从这个dict里头我们可以看到，上述树状图在Datasets库读入后是不完全正确的，qas层级在读入后并不存在，同时还有另外的title。（也就是说，其实Datasets库并不仅仅完成了读json文件的操作）

2 抽取式问答任务的实现

2.1 数据预处理

先拎出来比较重要的不同点：问题和潜在答案的文本是衔接后输入的

2.1.1 预训练tokenizer的加载

首先同样需要先进行tokenized，可以从checkpoint里头加载对应的pretrained tokennizer.

from transformers import AutoTokenizer
    
tokenizer = AutoTokenizer.from_pretrained(model_checkpoint)

tokenizer.tokenize方法可以帮我们看到tokenizer预处理后的文本格式。

print("单个文本tokenize: {}".format(tokenizer.tokenize("What is your name?"), add_special_tokens=True))
print("2个文本tokenize: {}".format(tokenizer.tokenize("My name is Sylvain.", add_special_tokens=True)))

对应的输出是

单个文本tokenize: ['what', 'is', 'your', 'name', '?']
2个文本tokenize: ['[CLS]', 'my', 'name', 'is', 'sy', '##lva', '##in', '.', '[SEP]']

token IDs也就是input_ids一般来说随着预训练模型名字的不同而有所不同。原因是不同的预训练模型在预训练的时候设定了不同的规则。但只要tokenizer和model的名字一致，那么tokenizer预处理的输入格式就会满足model需求的。

2.1.2 超长文本的处理

对于抽取式问答问题，我们需要思考预训练机器问答模型如何处理长文本。

一般来说预训练模型输入有最大长度要求，所以我们通常将超长的输入进行截断。但是，如果我们将问答数据三元组<question, context, answer>中的超长context截断，那么我们可能丢掉答案（因为我们是从context中抽取出一个小片段作为答案）。
为了解决这个问题，我们把超长的输入切片为多个较短的输入，每个输入都要满足模型最大长度输入要求。由于答案可能存在与切片的地方，因此我们需要允许相邻切片之间有交集，代码中通过doc_stride参数控制。

机器问答预训练模型通常将question和context拼接之后作为输入，然后让模型从context里寻找答案。在下述例子中，设定模型要求的最大输入是384（经常使用的还有512）。并且允许两个切片之间重合的数量为128。

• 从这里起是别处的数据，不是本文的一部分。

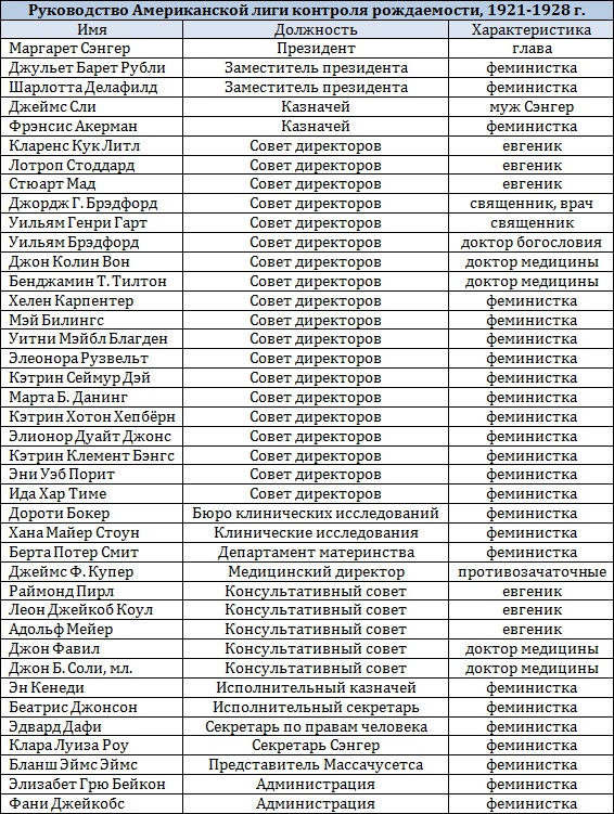 Основой руководства и кадрового состава были сотрудники журнала Вестник контроля рождаемости, а также соратники и покровители Сэнгер. Выше в таблице показаны руководители Лиги в период 1921-1928 годов, их должность и дана краткая характеристика. Мы видим сборище влиятельных феминисток и евгеников. В Совете директоров значатся: жена будущего президента США Элеонора Рузвельт; Кларенс Кук Литл – известный учёный генетик и влиятельный евгеник, который в 1929 году стал президентом Американского общества евгеники; Лотроп Стоддард – видный евгеник и деятель контрацептивного движения, отпетый расист, член Ку-клукс-клана, клинический русофоб, автор понятия «подчеловек» (Under-Man), которое немецкие нацисты взяли на вооружение как «недочеловек» («унтерменш»), особо его волновала проблема низкой рождаемости у «высших» классов и высокой – у «низших».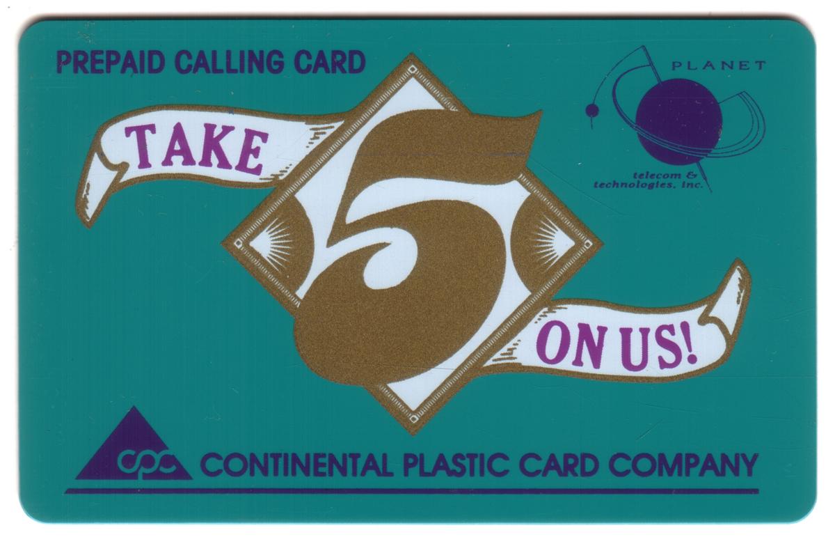 Text on the card identifies it as issued through Planet Telecom (MMC), making it clear that the card is related to their telecommunication services. The card is promotional in nature, as indicated by the “Take 5 On Us!” statement, which likely refers to a complimentary or bonus calling time offer. The inclusion of both manufacturing companies’ names—Continental Plastic Card Company and Continental Plastics—underscores the professional production quality of this collectible phone card.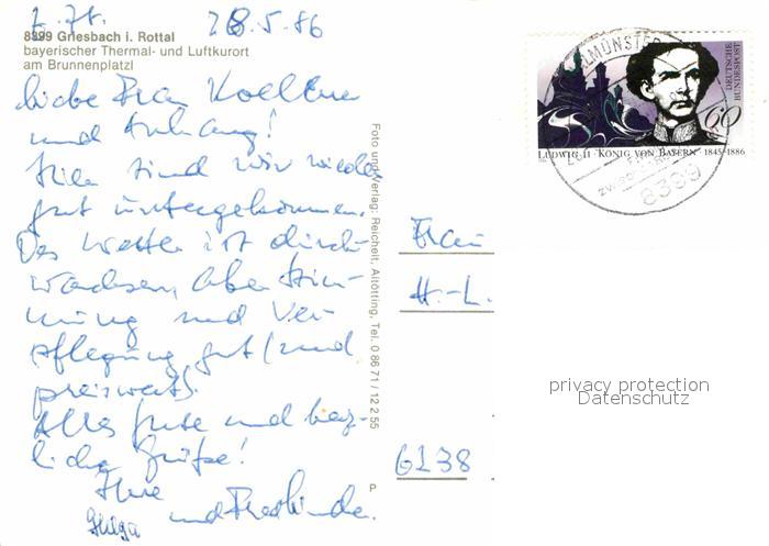 72868769 alte Postkarte Griesbach Rottal Brunnenplatzl Statue Thermalbad Luftkurort postalisch gelaufen Erhaltung siehe scans [FriedD77] KatCode: 11110009275124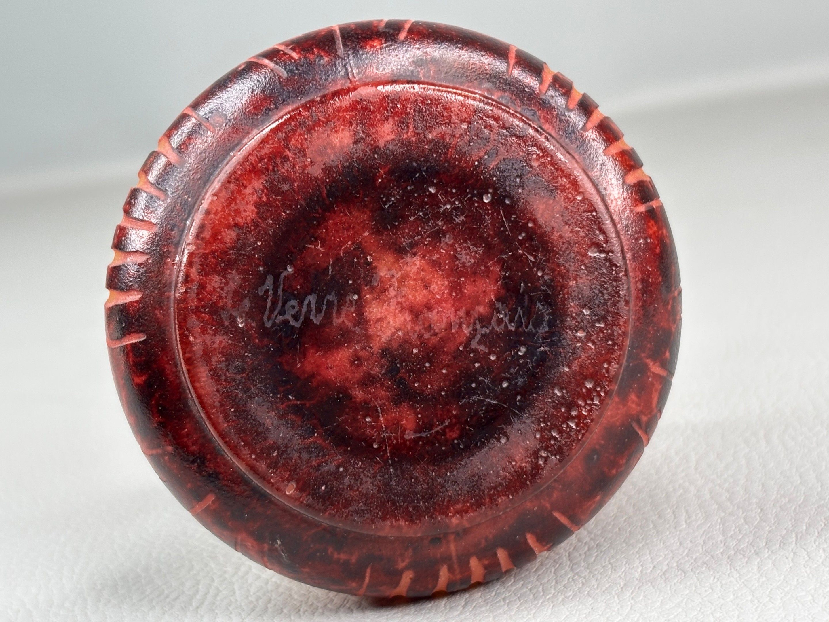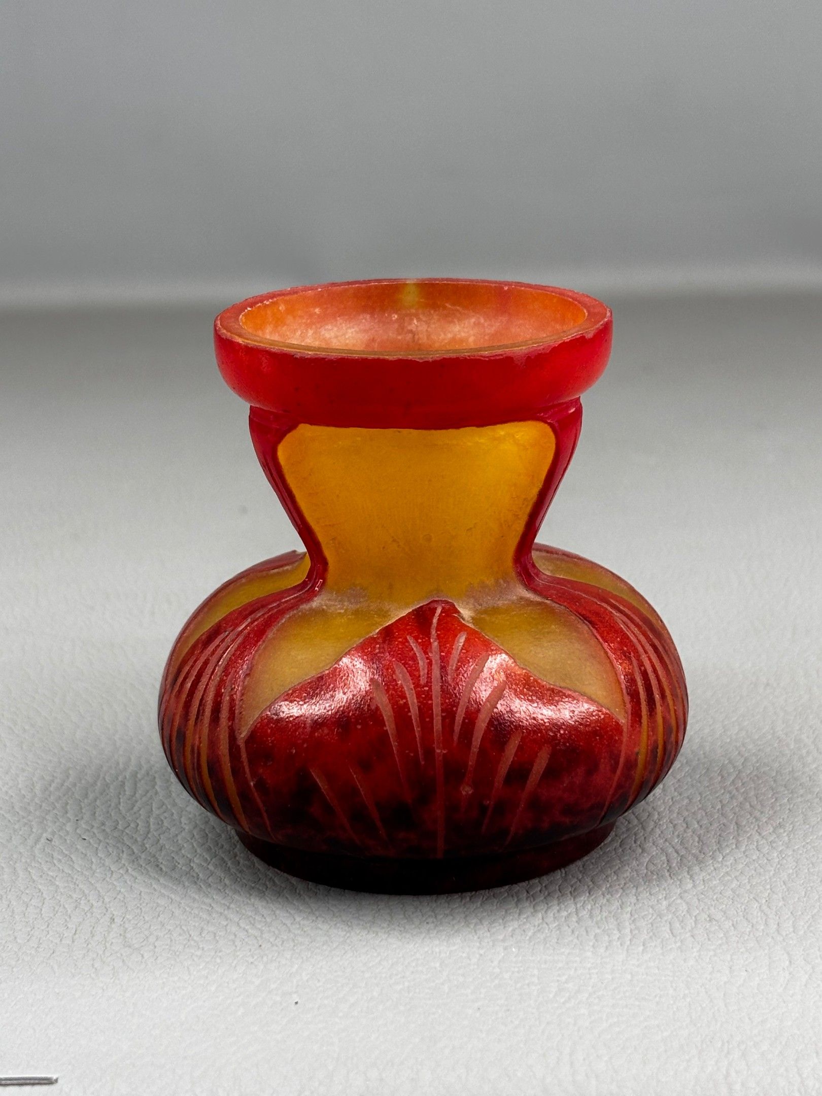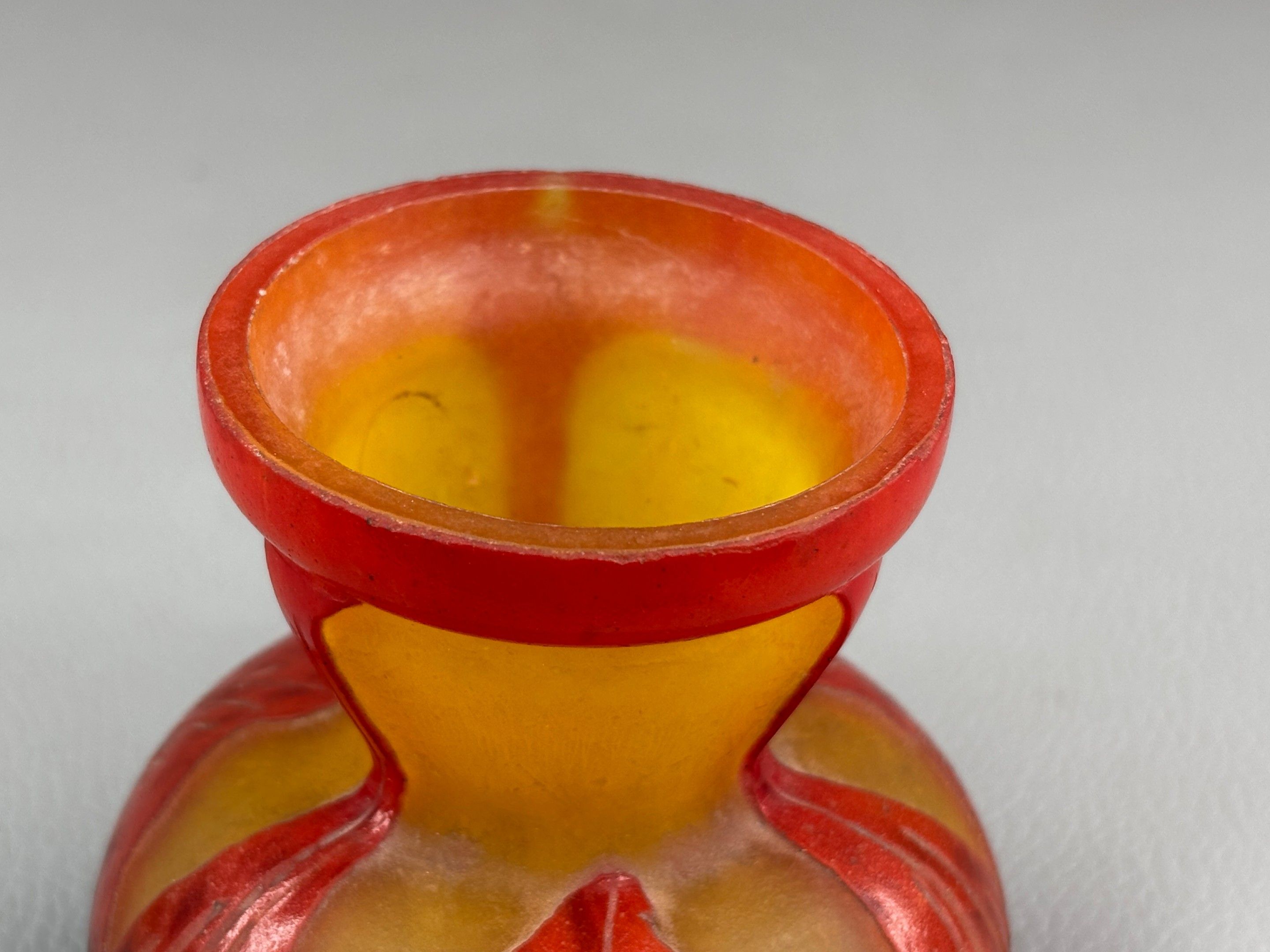 FRENCH GLASS A small acid-etched glass vase with a flared ne…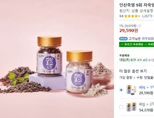 현재 별점 4.6점, 리뷰 902개를 가진 [정품] 인산가 인산죽염 9회죽염 고체(알갱이) 1kg, 1kg, 1개! 지금 쿠팡에서 더 저렴하고 다양한 구운소금 제품들을 확인해보세요.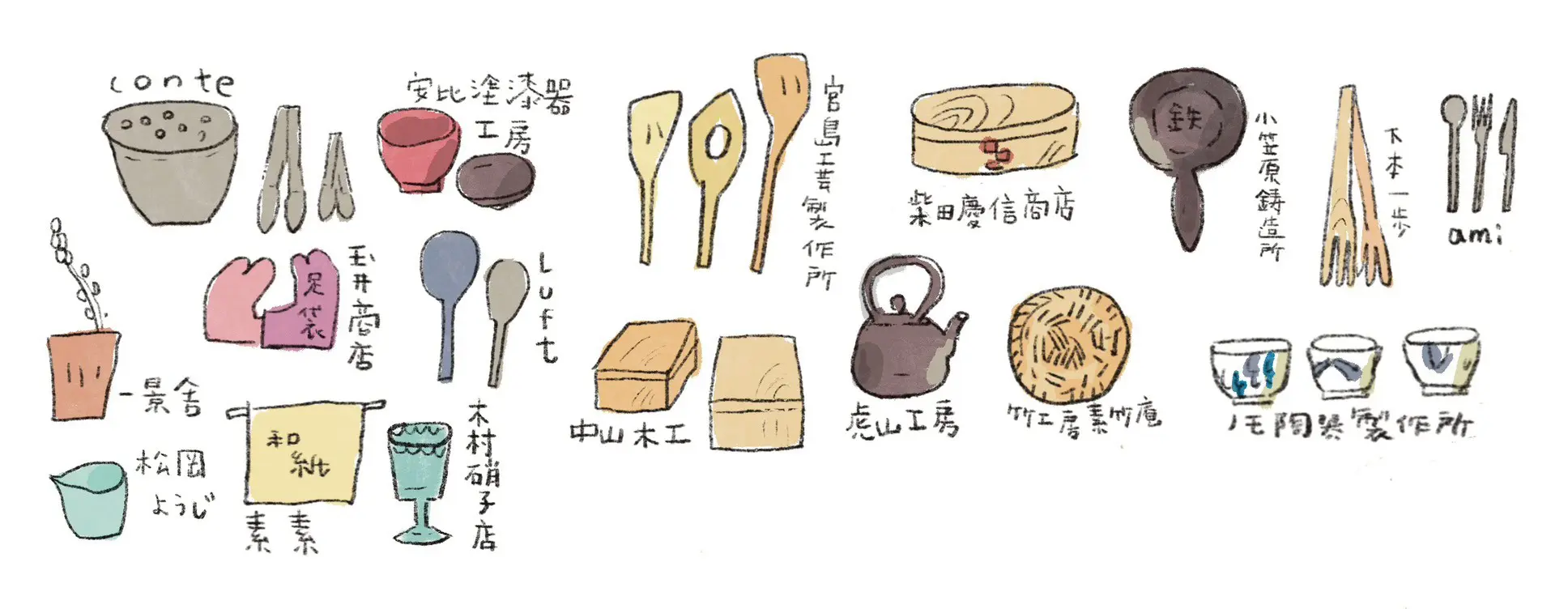 知り合い経由で雑誌関係者と出会い、雑誌に関わる仕事も受けるようになる。工業技術センターなどにも知人ができ、産地アドバイザーやどきどき大学の講師なども務めるようになる。松屋銀座「銀座・手仕事直売所」は第一回の2009年から10年間企画に参加。六本木LIVING MOTIF「日本の道具」展の企画協力は11年続けている。新潟・燕のステンレスの調理道具「conte」アドバイザー。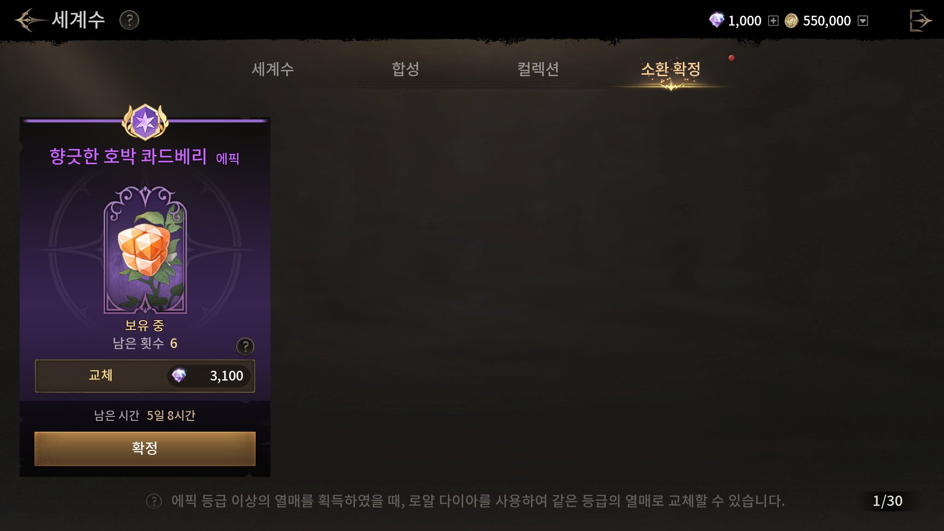 - 보유한 세계수 열매 실링 조각을 모아 확정으로 동일 등급 세계수 열매를 획득할 수 있습니다.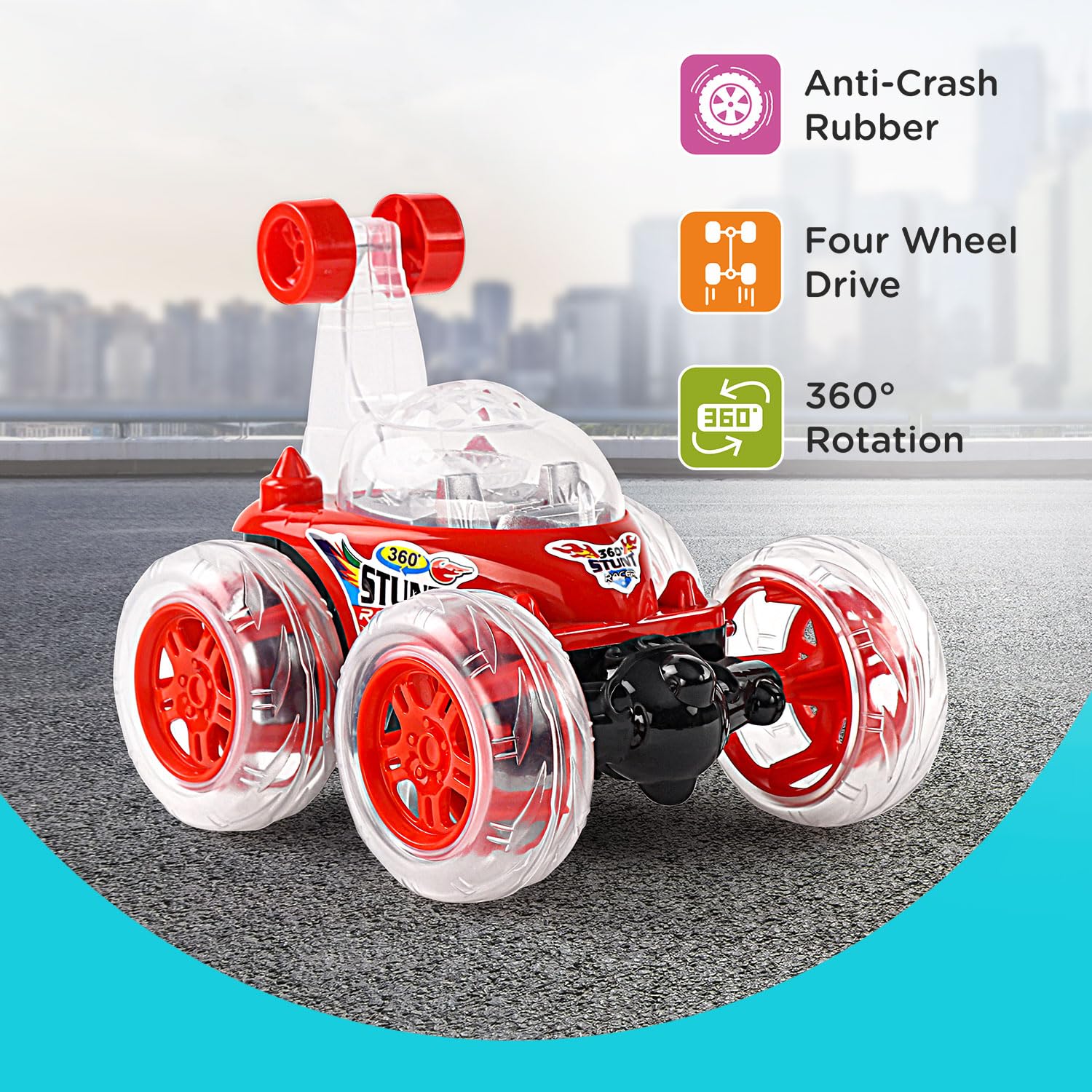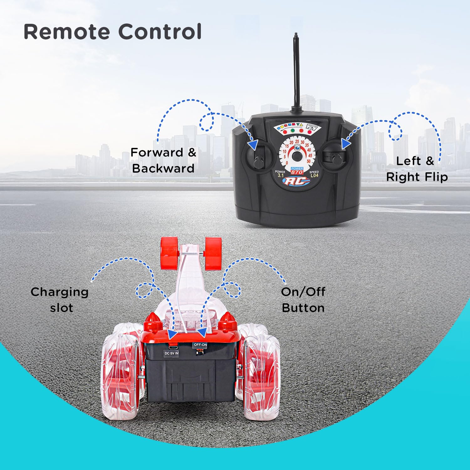 Remote Control Rechargable Acrobatic 360 Degree Twisting Stunt Car with Music & Lights for Kids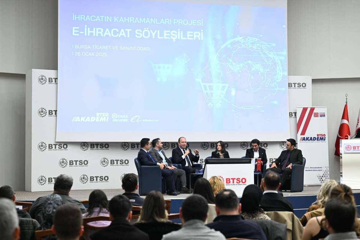 Bursa’yı e-ticaret, e-ihracat ve dijital ticaret alanında bölgesel değil küresel ölçekte söz sahibi merkezlerden biri haline getirmeyi hedeflediklerini söyleyen Hakan Batmaz, “Bu kapsamda Bursa merkezli bir pazaryeri oluşturma hedefiyle yürüttüğümüz konsorsiyum çalışmaları da kararlılıkla sürüyor. E-ticaret ve e-ihracatı, dış ticaretimizi büyütecek en stratejik araçlardan biri olarak görüyor; girişimcilerimizin özellikle sınır ötesi e-ticarette aktif rol almasını hedefliyoruz. Bugün burada BTSO Akademi, Güvenilir Ürün Platformu ve Alibaba.com iş birliğinde e-ihracatı konuşurken, bu başlığın firmalarımız için bir alternatifinin olmadığını net bir şekilde ifade etmemiz gerekiyor.’’ ifadelerini kullandı.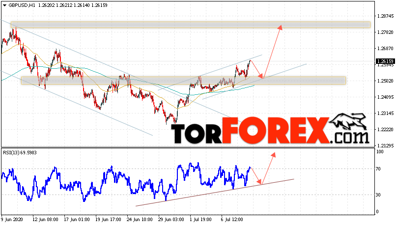 Валютная пара Фунт Доллар GBP/USD продолжает движение в рамках роста. В момент публикации прогноза курс Фунта к Доллару США на Форекс составляет 1.2615. Скользящие средние указывают на наличие краткосрочной бычьей тенденции. Цены ушли вверх от области между сигнальными линиями, что указывает на давление со стороны покупателей валютной пары. На данный момент стоит ожидать попытку развития снижения курса Британского Фунта против Американского Доллара и тест области поддержки вблизи уровня 1.2510. Откуда вновь стоит ожидать отскок и продолжения роста котировок валютной пары Британского Фунта против Доллара США. Целью восходящего движения валютной пары, в рамках Форекс прогноза на 9 июля 2020 года, выступает область на уровне 1.2795.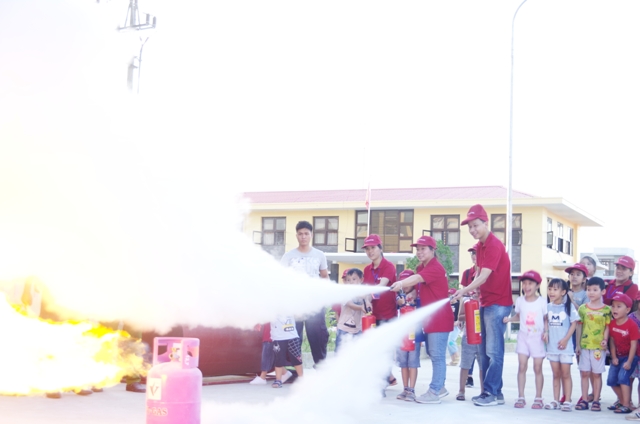 Trong trang phục lính cứu hỏa, các “chiến sĩ nhí” được trực tiếp tham gia hoạt động trò chơi vận động như: vượt chướng ngại vật liên quan đến đặc điểm, địa hình khi cháy, nổ xảy ra; di chuyển qua không gian hẹp; vận động vượt chướng ngại vật dùng bình chữa cháy xách tay (đối với học sinh lớn tuổi); đốt bình gas, khay xăng để giáo viên trung tâm cùng học sinh dùng bình chữa cháy xách tay dập tắt đám cháy.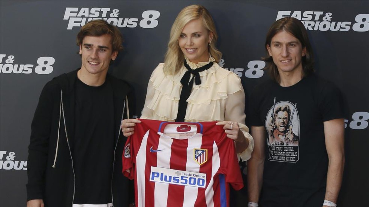Yıldız futbolcular, hem Vin Diesel hem de Charlize Theron’a isimlerinin yazılı olduğu Atletico Madrid formaları hediye etti.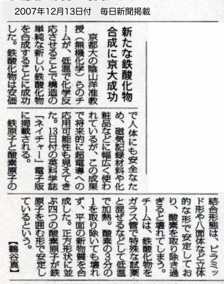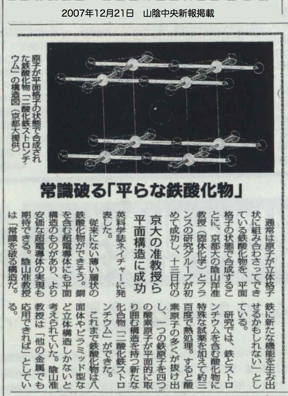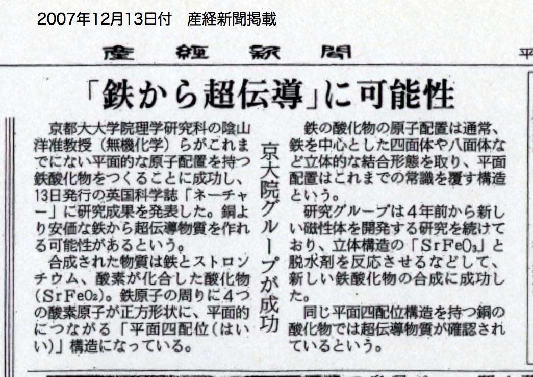 画期的,平面状の鉄酸化物 超電導など応用期待 京大准教授らグループ合成成功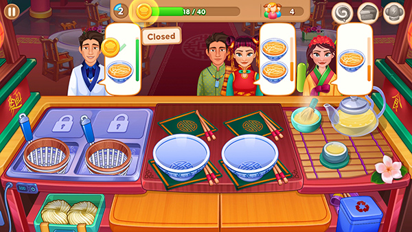 简化的亚洲美食和食谱,可在具有时间管理游戏功能的餐厅中快速烹饪。游戏有数百个关卡,易玩难精通。

max_length = 384 # 输入feature的最大长度，question和context拼接之后
doc_stride = 128 # 2个切片之间的重合token数量。

超长文本处理的案例
先找到一个超长文本

for i, example in enumerate(datasets["train"]):
    if len(tokenizer(example["question"], example["context"])["input_ids"]) > 384:
        break
example = datasets["train"][i]

这个文本的长度是396。
注意，一般来说，我们只对context进行切片，不会对问题进行切片，由于context是拼接在question后面的，对应着第2个文本，所以使用only_second控制.tokenizer使用doc_stride控制切片之间的重合长度。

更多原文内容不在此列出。